Ein Rekord als Visitenkarte
"Sie waren acht Tage auf Achse und freuten sich wirklich über die Zimmer und vor allem das Frühstücksbuffet", sagt Tröbinger. Kuzin sagte seiner Frau beim Abschied noch, dass sie seinen Kindern unbedingt den Linzer Hauptplatz zeigen soll, wo er 2007 den Marathon-Rekord gelaufen ist. Dieser Wunsch konnte in der Eile – das Ziel der Flucht waren Bekannte in Deutschland – leider nicht erfüllt werden. Dass der Linzer Hauptplatz für Kuzin ein besonderer Ort ist, erklärt Tröbinger so: "Seine Weltklasse-Zeit von damals ist nicht nur eine hervorragende Visitenkarte für den Linzer Marathon, sie hat auch Alexanders Leben stark beeinflusst." Kuzin gilt in der Ukraine als Lauf-Legende, seine Frau Tatiana hat als ehemalige Zweitplatzierte des New-York-Marathons ebenfalls als Ausdauersportlerin einen langen Atem bewiesen.
Hoffnung auf ein Wiedersehen
Gemeinsam betreuen die beiden im "Kuzin Team – Marathon Club Taras Bulba" ambitionierte Hobbyläufer und Talente. Zuletzt war Kuzin Anfang April 2017, zehn Jahre nach seinem Streckenrekord, mit einer 30-köpfigen Läufergruppe in einem Bus von der Ukraine zum Marathon nach Linz gereist. Das Kuzin-Team gewann damals das Staffelrennen.
Auch heuer ist ein Start geplant, wenn am 23. Oktober der 20. Linzer Marathon ausgetragen wird.
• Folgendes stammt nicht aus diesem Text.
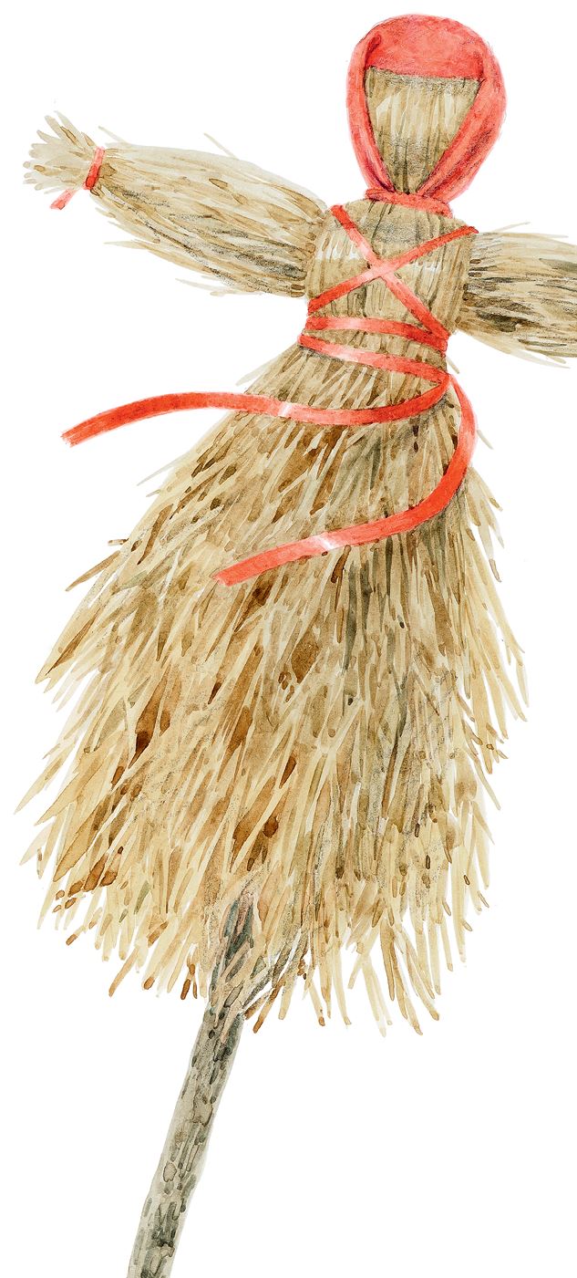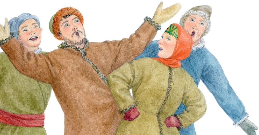 А голоса становились всё громче и громче, слышались всё ближе и ближе. И вот на Красную горку высыпала толпа людей. Они вывезли на поляну сани с чучелом Масленицы, распевая хором:
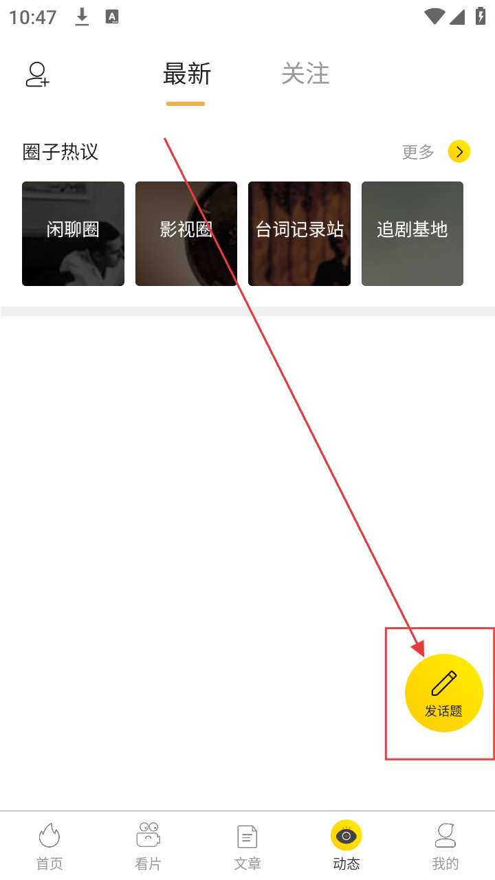 2、进入动态页面后,点击右下角黄色“发话题”按钮,可进入发布话题页面哦。

In seiner letzten WhatsApp-Nachricht an Tröbinger bedankte sich Kuzin für die Hilfe und schrieb, dass er sich schon auf ein Wiedersehen im Oktober in Linz freue. Es ist ihm und seiner Familie sehr zu wünschen, dass der Lebenslauf des Linzer Rekordmanns Alexander Kuzin tatsächlich diese Richtung nehmen kann.